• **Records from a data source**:
== == ==
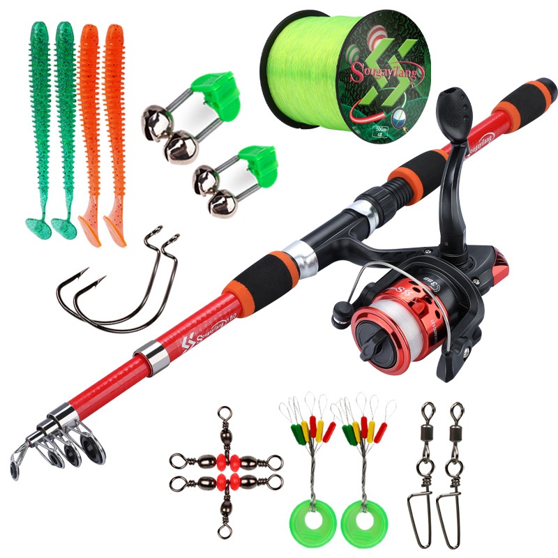 Pancing Set1.8M Telescopic Joran Pancing Rod Ree Pancingl Set EVA Handle Glass Fiber untuk Memancing
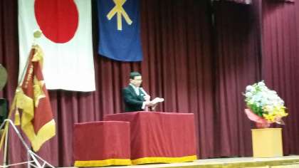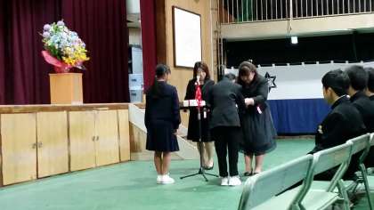 学校長式辞や生徒歓びの言葉に続き、PTAより記念品(シャープペンシル)を受け取りました。
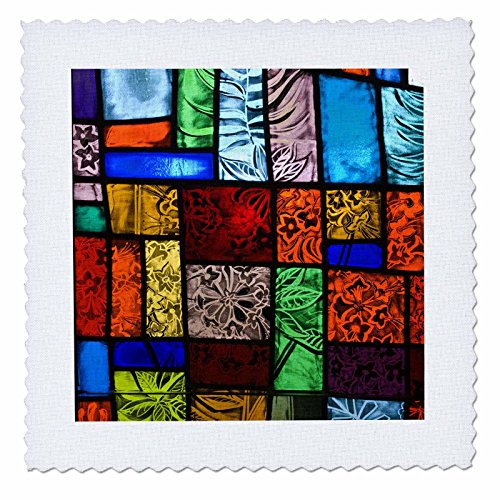 3dRose qs_83520_4 Stained Glass at a Church with Nature Themes NA01 RKL0021 Raymond Klass Quilt Square, 12 by 12-Inch
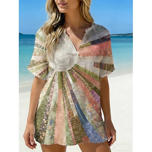 Per donna Camicia Camicia casual Camicia da Spiaggia Blusa Stampato Floreale Grafico Bohemien Elegante Moderno Manica Corta Scollo a V Top Regolari Quotidiano Ferie Uscire Blu Giallo Verde chiaro
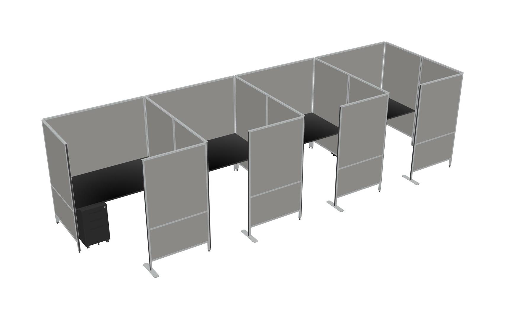 Black Flexible Panel System With Privacy For 4 + Metal Mobile Drawers
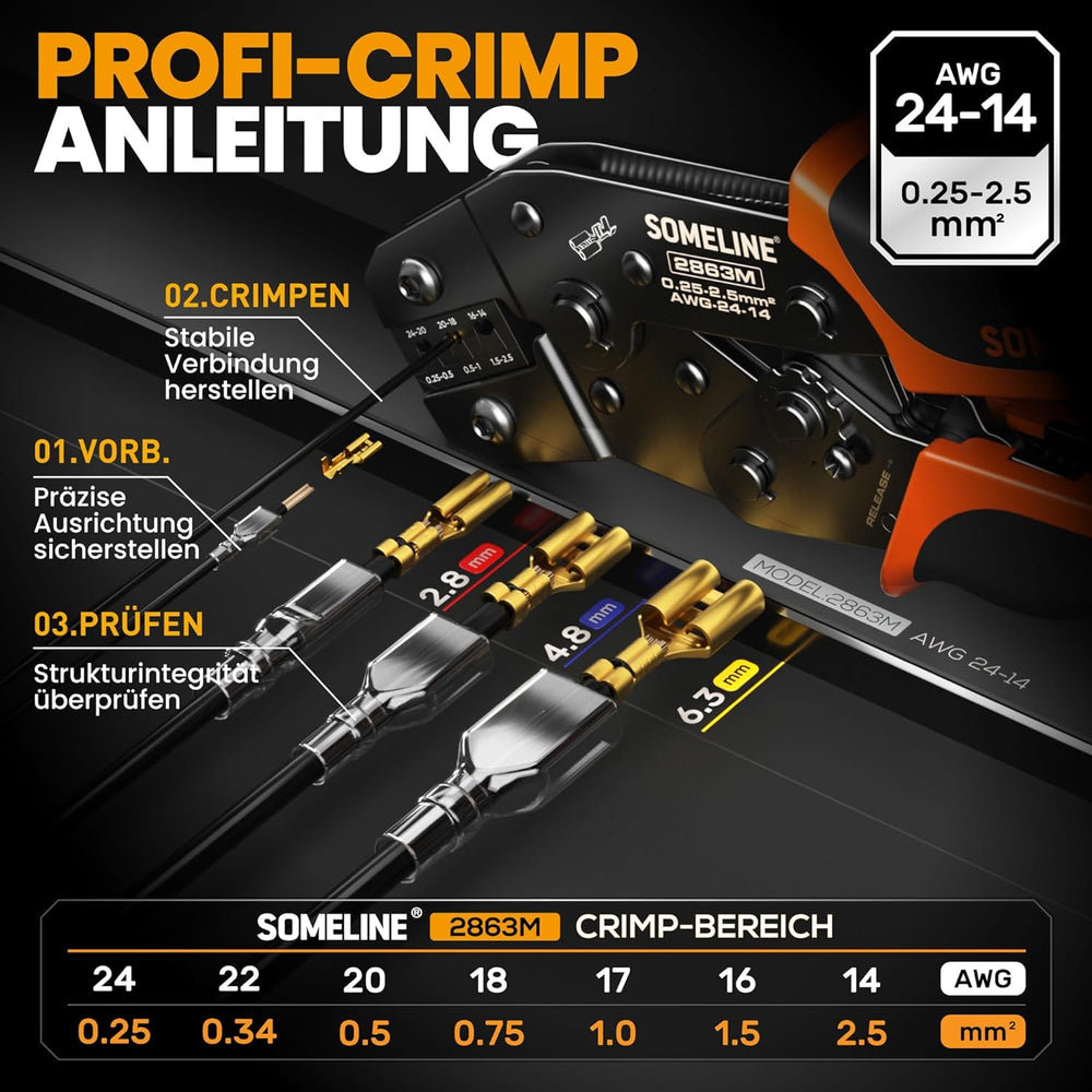 SOMELINE® Crimpzangen Set, 6 Arten [0,25-2,5mm²] Flachsteckhülsen Set, Flachsteckhülsenzange, Spade
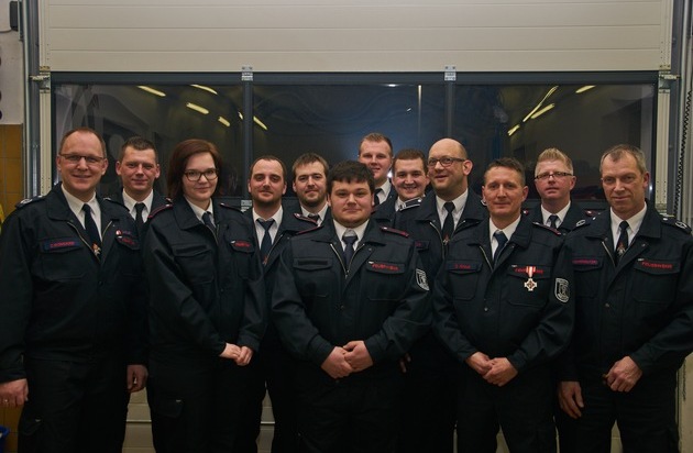 Im Rahmen der Jahresdienstbesprechung konnte Christian Bongard den Bösperder Martin Zminkowski zum Feuerwehrmann und den Schwittener Alexander Zentis zum Oberfeuerwehrmann befördern. Christopher Reimann und Frank Hufnagel wurden nach bestandenen Lehrgängen zu Unterbrandmeistern befördert, Dominik Kraus zum Brandmeister. Ihre Beförderungsurkunden zum Oberbrandmeister erhielten Thomas Pasternak, Manuel Trilling und Marco Schäfer. Dominik Kraus wurde zudem für 25 jährige aktive Einsatztätigkeit mit der Feuerwehr-Ehrennadel in Silber ausgezeichnet.
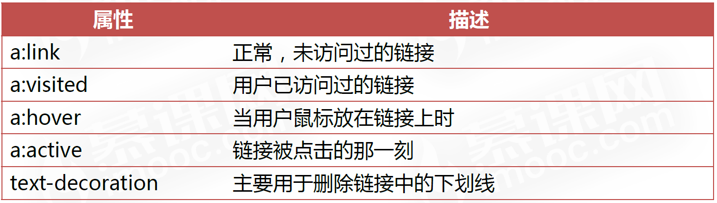 <head><meta charset="UTF-8"><title>链接</title><style>/* 正常,未访问过的链接 */a:link {color: lightgreen;/* 修改链接的文本样式 */text-decoration: none;/* 设置链接的背景颜色 */background-color: lightyellow;}/* 当用户鼠标放在链接上时 */a:hover {color: lightcoral;}/* 用户已访问过的链接 */a:visited {color: lightblue;}/* 链接被点击的那一刻 */a:active {color: lightslategray;}</style>
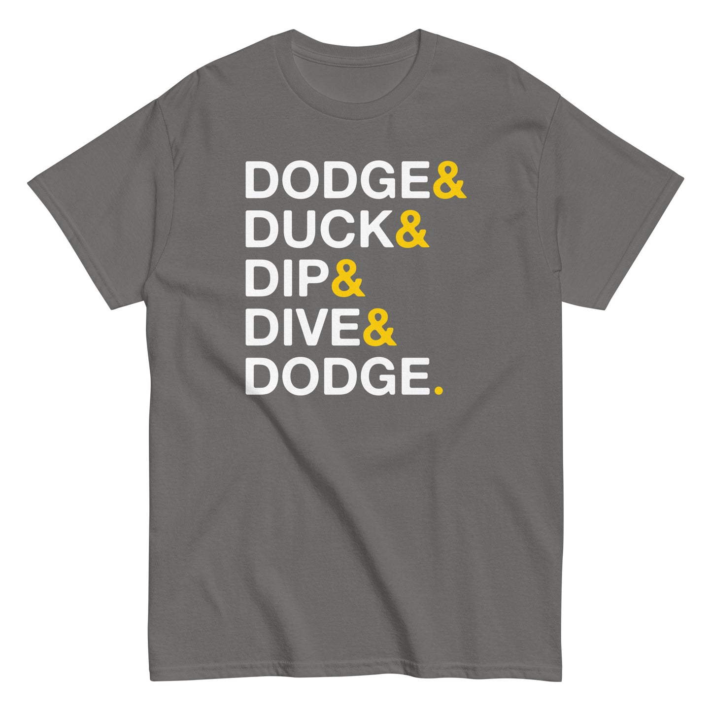 Not too fitted. Not too loose. This 100% cotton (heather colors contain polyester) classic tee looks great and gets the job done every time.
== == ==
• **EXERCISE PROMPT**:
Quote the data exactly, leaving every image out of the copy.

• **REPLY TO THE EXERCISE**:
 Pancing Set1.8M Telescopic Joran Pancing Rod Ree Pancingl Set EVA Handle Glass Fiber untuk Memancing
 学校長式辞や生徒歓びの言葉に続き、PTAより記念品(シャープペンシル)を受け取りました。
 3dRose qs_83520_4 Stained Glass at a Church with Nature Themes NA01 RKL0021 Raymond Klass Quilt Square, 12 by 12-Inch
 Per donna Camicia Camicia casual Camicia da Spiaggia Blusa Stampato Floreale Grafico Bohemien Elegante Moderno Manica Corta Scollo a V Top Regolari Quotidiano Ferie Uscire Blu Giallo Verde chiaro
 Black Flexible Panel System With Privacy For 4 + Metal Mobile Drawers
 SOMELINE® Crimpzangen Set, 6 Arten [0,25-2,5mm²] Flachsteckhülsen Set, Flachsteckhülsenzange, Spade
 Im Rahmen der Jahresdienstbesprechung konnte Christian Bongard den Bösperder Martin Zminkowski zum Feuerwehrmann und den Schwittener Alexander Zentis zum Oberfeuerwehrmann befördern. Christopher Reimann und Frank Hufnagel wurden nach bestandenen Lehrgängen zu Unterbrandmeistern befördert, Dominik Kraus zum Brandmeister. Ihre Beförderungsurkunden zum Oberbrandmeister erhielten Thomas Pasternak, Manuel Trilling und Marco Schäfer. Dominik Kraus wurde zudem für 25 jährige aktive Einsatztätigkeit mit der Feuerwehr-Ehrennadel in Silber ausgezeichnet.
 <head><meta charset="UTF-8"><title>链接</title><style>/* 正常,未访问过的链接 */a:link {color: lightgreen;/* 修改链接的文本样式 */text-decoration: none;/* 设置链接的背景颜色 */background-color: lightyellow;}/* 当用户鼠标放在链接上时 */a:hover {color: lightcoral;}/* 用户已访问过的链接 */a:visited {color: lightblue;}/* 链接被点击的那一刻 */a:active {color: lightslategray;}</style>
 Not too fitted. Not too loose. This 100% cotton (heather colors contain polyester) classic tee looks great and gets the job done every time.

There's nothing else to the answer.